*Try it*: Could you repeat, word for word, the line with "Diese Abfrage liefert" and every line after it in the records below, leaving out any pictures?

*Dataset extract*:
-=-=-
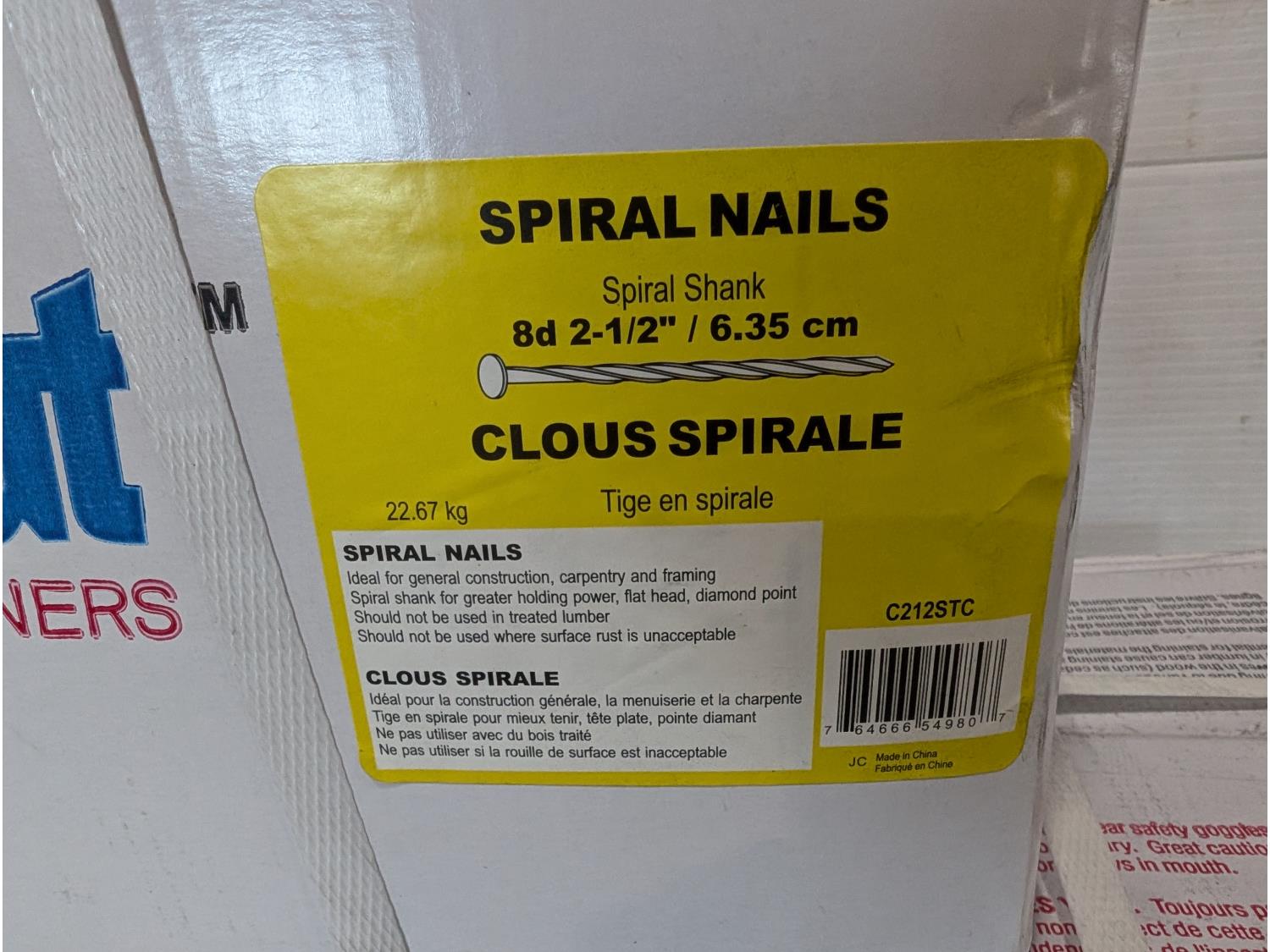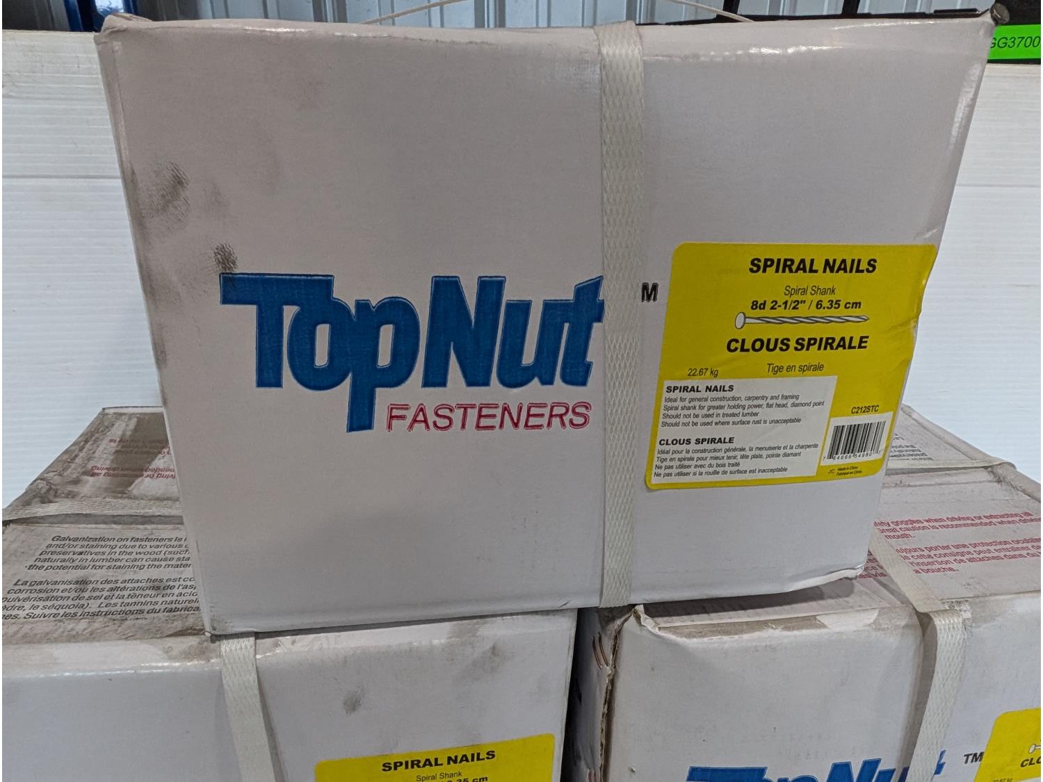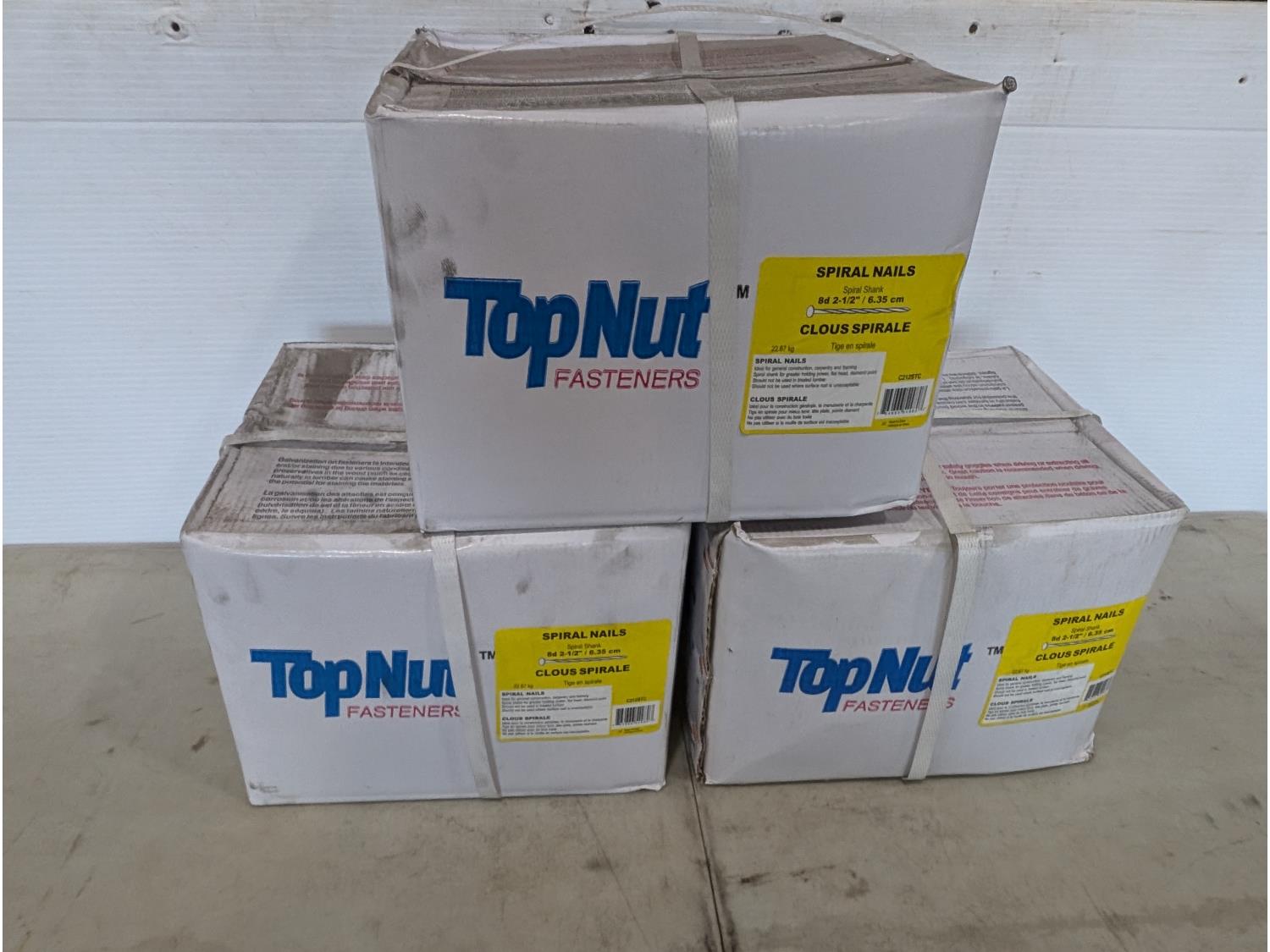 1810 (3) Cases of Topnut 2-1/2 Inch 8D Spiral Nails (Unused)
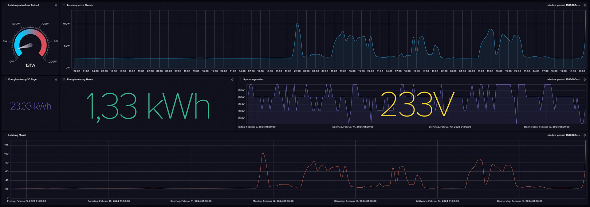 Diese Abfrage liefert zwar einen Wert, der dem Tagesstromverbrauch nahe kommt, aber weicht (wahrscheinlich wegen dem festen Teiler von 104) mal mehr, mal weniger ab von dem eigentlichen Ziel - wenn jemand von euch Erfahrung mit Flux hat, gebt gern bescheid, wenn ihr meinen Fehler in dem Skript seht!
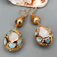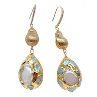 Be the first to review “Natural Cultured White Pearl Teardrop Shape Blue larimar Pave Brushed Bead Dangle Hook Earrings” Cancel reply
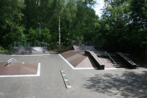 Проект скейт-парка включает в себя 8 разных фигур: Трансферную радиусную разгонную горку, Трансферную прямую разгонную горку, фан-бокс с кинкованной тумбой и кинкованным рейлом, скейт-плаза, квотерпайп, рейл кикер, бокс
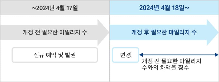 개정 전 필요한 마일리지 수 그대로 여정 변경을 접수합니다.
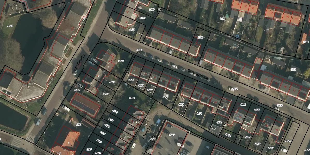 Sprongstraat 6 is gelegen op kadastraal perceel UBG00B3387. Deze kadastrale aanduiding is uniek en wordt gebruikt door het Kadaster om eigendomsrechten en andere zakelijke rechten vast te leggen. Het perceel maakt onderdeel uit van de kadastrale gemeente Ubbergen.
-=-=-
*Finished task*:
 Diese Abfrage liefert zwar einen Wert, der dem Tagesstromverbrauch nahe kommt, aber weicht (wahrscheinlich wegen dem festen Teiler von 104) mal mehr, mal weniger ab von dem eigentlichen Ziel - wenn jemand von euch Erfahrung mit Flux hat, gebt gern bescheid, wenn ihr meinen Fehler in dem Skript seht!
 Be the first to review “Natural Cultured White Pearl Teardrop Shape Blue larimar Pave Brushed Bead Dangle Hook Earrings” Cancel reply
 Проект скейт-парка включает в себя 8 разных фигур: Трансферную радиусную разгонную горку, Трансферную прямую разгонную горку, фан-бокс с кинкованной тумбой и кинкованным рейлом, скейт-плаза, квотерпайп, рейл кикер, бокс
 개정 전 필요한 마일리지 수 그대로 여정 변경을 접수합니다.
 Sprongstraat 6 is gelegen op kadastraal perceel UBG00B3387. Deze kadastrale aanduiding is uniek en wordt gebruikt door het Kadaster om eigendomsrechten en andere zakelijke rechten vast te leggen. Het perceel maakt onderdeel uit van de kadastrale gemeente Ubbergen.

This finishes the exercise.